Pluaekdang take the lead after 15 minutes, a neat side-footed goal from their diminutive midfield number 77 Jakkarin. As the boy wheels away in celebratory delight, the small Samut Prakan away following, who had a perfect view of that opening goal, start to wonder if this could be a replay of Thonburi University a couple of seasons ago and an early exit from the competition. However, Samut Prakan settle into the game and their premier league class begins to show. Jiraaut Wingwon pulls the visitors level with a super strike just past the half hour and a simple tap in from Choedwichit on the stroke of half-time sends Samut Prakan into the dressing room with a 2-1 advantage.
(That seating was quite tricky to negotiate, especially at my age!)
I'll be mercifully brief here because frankly, the home side never looked like getting back into the match. Choedwichit scored his second of the game ten minutes from time to extend Samut Prakan's overall lead but the winning margin could and should have been greater.
Final score: Pluakdaeng United 1 Samut Prakan City 3
The first half an hour was an awful watch if you were a Samut Prakan fan but it turned out to be a very professional job in the end. Once that equalising goal went in, you always felt it was a matter of how many Prakan would score.
All in all, a thoroughly enjoyable day out and the chance to tick off another Thai League stadium. All the best for the rest of the season Pluakdaeng and I'll be looking out for your results!
(Life in the Thai third division is not without its charms)
So just out of interest, how many of the 16 Premier League clubs got knocked out of the competition today?

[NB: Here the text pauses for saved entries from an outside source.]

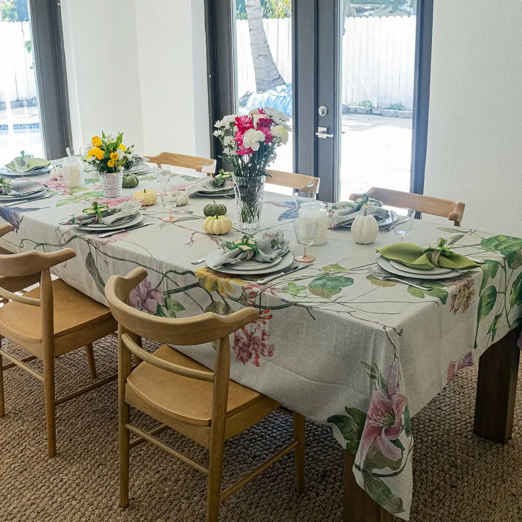 The Toulouse tablecloth invites you on a journey to the south of France. Its neutral motif, accented with pops of color, is both fun and subtly elegant.
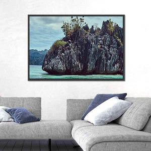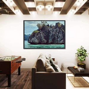 This canvas art captures the serene beauty of a rocky island surrounded by turquoise waters and lush green vegetation. With distant mountains and a cloudy sky, it evokes a natural, tranquil vibe perfect for any living space.
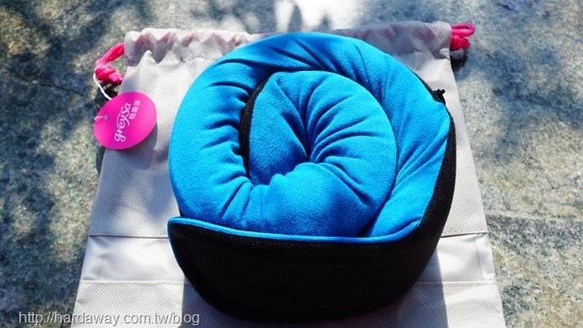 實際使用GreySa格蕾莎全家福旅行頸枕最直接感受的,就是可以把它捲起來裝在隨附的束口袋,外出攜帶時擺放在背包裡不會佔據很多空間。
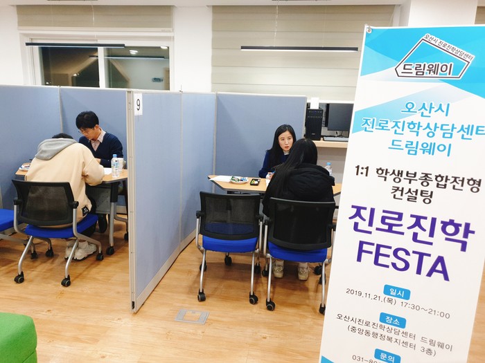 ‘진로진학FESTA’는 교육부의 2019년 고교교육 기여대학 지원사업의 일환으로 오산시와 안양대를 비롯한 5대 대학이 함께 주최했고 입학사정관 1:1 학생부종합전형 컨설팅을 제공했다.
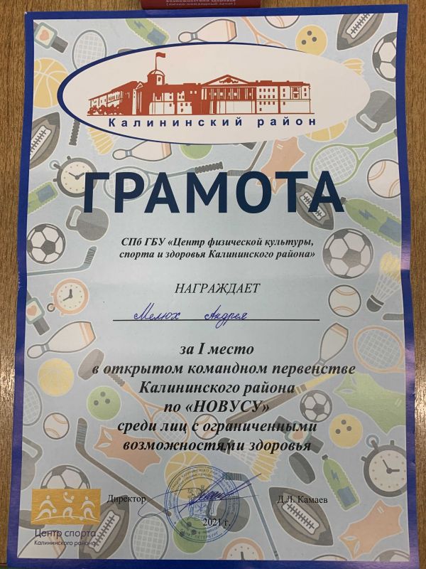 Участие в открытом первенстве Калининского района по «Новусу» 30.11.2021![]() 30 ноября наши спортсмены приняли участие в открытом первенстве Калининского района по «Новусу» среди лиц с ограниченными возможностями. Всего на мероприятии присутствовало 36 человек из 14 районов города. Мы от всей души поздравляем Дмитрия Игонина, показавшего очень хороший результат, и Андрея Мелюха, который, несмотря на то, что пока является новичком, занял I место! Отдельное поздравление Вячеславу Васильевичу Суетнову, тренеру спортсменов, инструктору-методисту по адаптивной физической культуре и спорту нашего Центра. Молодцы! Так держать!
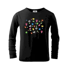 Tiko pro horolezce, horolezkyni nebo i horolezčátko. Tričko s motivem chytů a úchytů, pokud máš ve svém okolí někoho, kdo rád leze na umělé stěny, překonává výšky a boulderinguje.
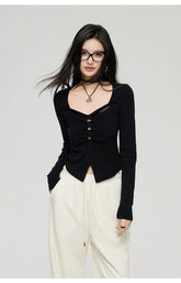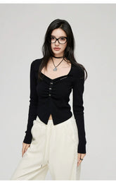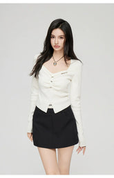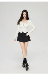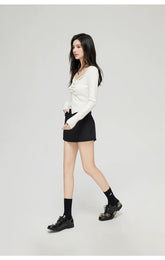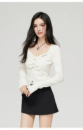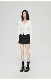 Model: 168cm/44kg, B/W/H:75/56/83, wearing size S.
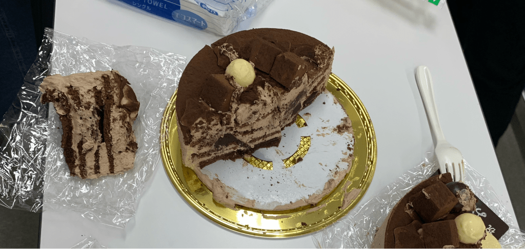 そんな日比野さんと一緒に論文を作成する時間は, 私にとってとにかく楽しい時間になりました 🎵 私は日比野さんから, 指導教員として学生と論文を作成する楽しさを初めて教えてもらいました. この上ない達成感 😌✨ 日比野さん, 吉永先生, 天野先生を始めとする共同研究者の方たちのおかげです. 感謝しかありません 😊 吉永先生にはまたまたケーキをご馳走になりました 🎂✨

12 clubs got through (including Samut Prakan of course) and four were eliminated. Nakhon Ratchisima bowed out of the competition with a 2-1 defeat at Chainat Hornbill. Muangthong went out at Uthai Thani (would love to go there in the next round!) Suphanburi were beaten 3-2 at Krabi (wouldn't mind going there either) and in probably the biggest shock of the day, Port FC fielded a reserve team and in a game that went to extra time and penalties, were dumped out by Muang Loei.
Who's up next?
It's back to premier league action and a tough game away at Bangkok United this Sunday 16th January.